Top of The data

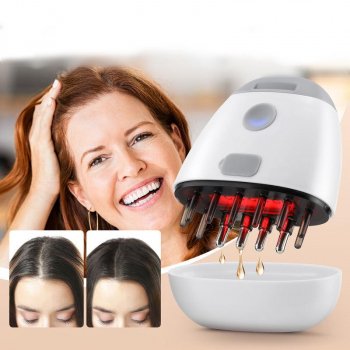 Vibration Head Massager with Red Light Therapy & Hair Growth Applicator Brush
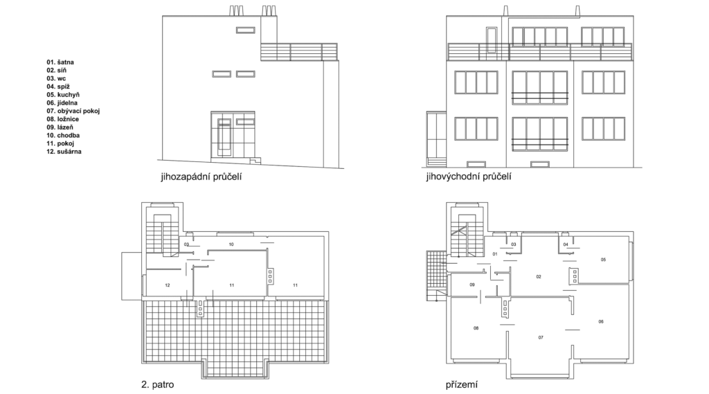Like Vojtěch Kerhart with the Řezáč House, Oldřich Starý also made his house design for Baba commissioned by Gustav Vaváček as a kind of economical Czech variation on the new objectivity. The house is characterised by its axiality and symmetry; the layout is repeated on both floors. The third floor is topped by a large sundeck at the expense of the living area.
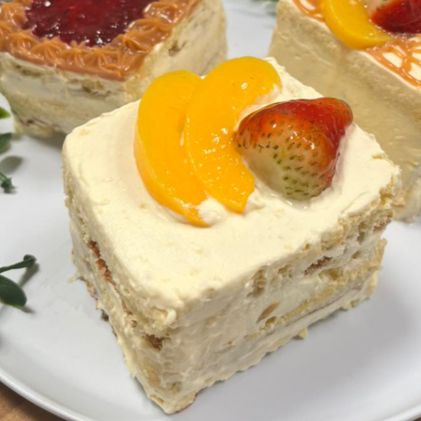 Bizcochuelo de vainilla con trocitos de durazno, guanábana y fresa entre capas bañado en nuestra mezcla de tres leches cubierto con trozos de melocotón y fresas. Contiene: leche, huevo y gluten
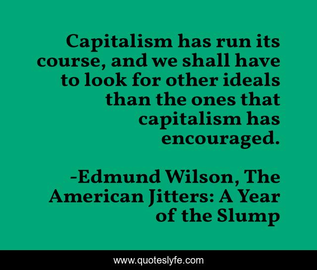 This page presents the quote "Capitalism has run its course, and we shall have to look for other ideals than the ones that capitalism has encouraged.". Author of this quote is Edmund Wilson, The American Jitters: A Year of the Slump. This quote is about socialism, new-ideas, change, capitalism,.
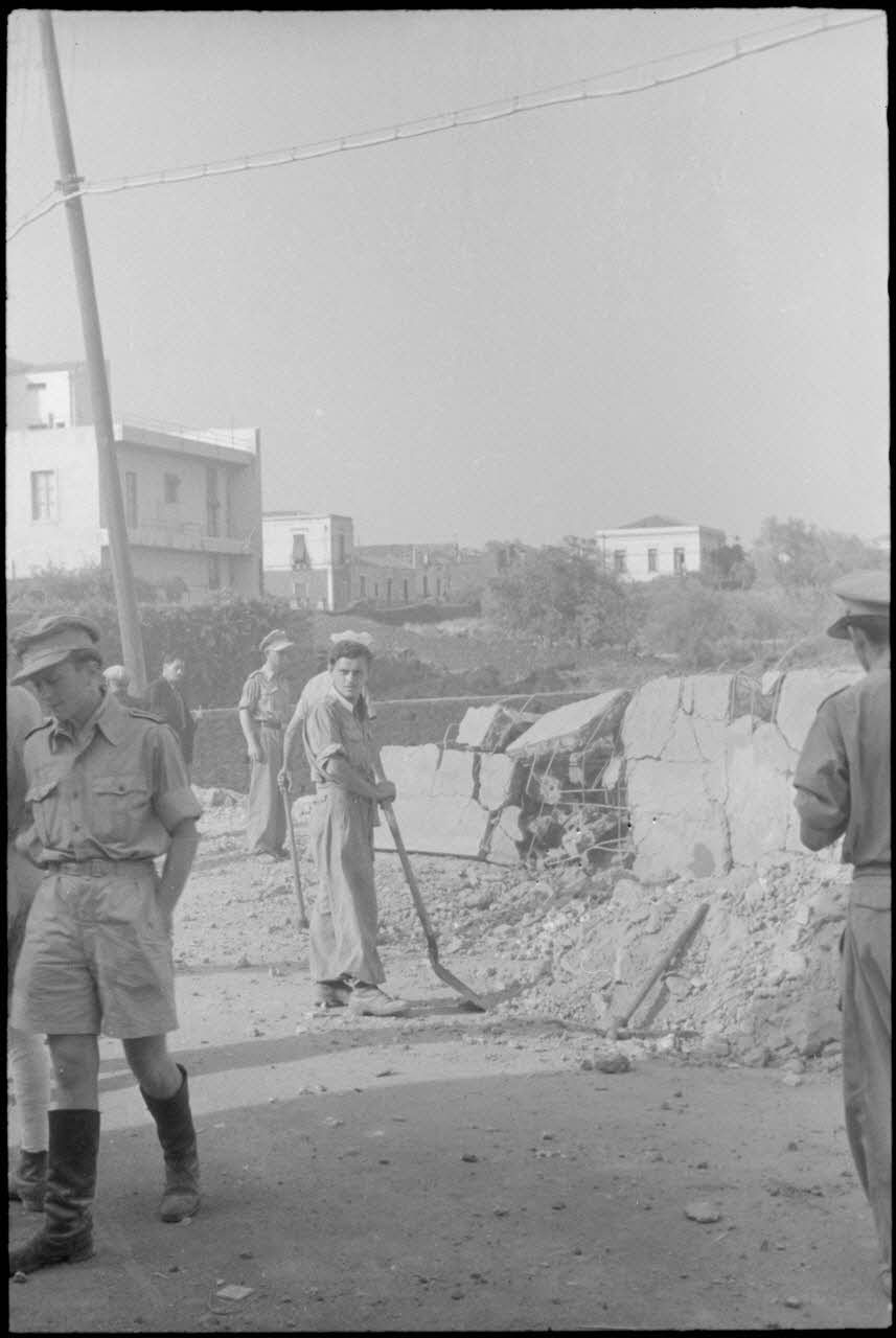 Construction d'obstacles dans les rues d'une ville côtière de Sicile (peut-être Catane).

Bottom of The data

> **Task details**:
Reproduce the lines above exactly, please, but not the pictures in them.

> **Completed task**:
 Vibration Head Massager with Red Light Therapy & Hair Growth Applicator Brush
Like Vojtěch Kerhart with the Řezáč House, Oldřich Starý also made his house design for Baba commissioned by Gustav Vaváček as a kind of economical Czech variation on the new objectivity. The house is characterised by its axiality and symmetry; the layout is repeated on both floors. The third floor is topped by a large sundeck at the expense of the living area.
 Bizcochuelo de vainilla con trocitos de durazno, guanábana y fresa entre capas bañado en nuestra mezcla de tres leches cubierto con trozos de melocotón y fresas. Contiene: leche, huevo y gluten
 This page presents the quote "Capitalism has run its course, and we shall have to look for other ideals than the ones that capitalism has encouraged.". Author of this quote is Edmund Wilson, The American Jitters: A Year of the Slump. This quote is about socialism, new-ideas, change, capitalism,.
 Construction d'obstacles dans les rues d'une ville côtière de Sicile (peut-être Catane).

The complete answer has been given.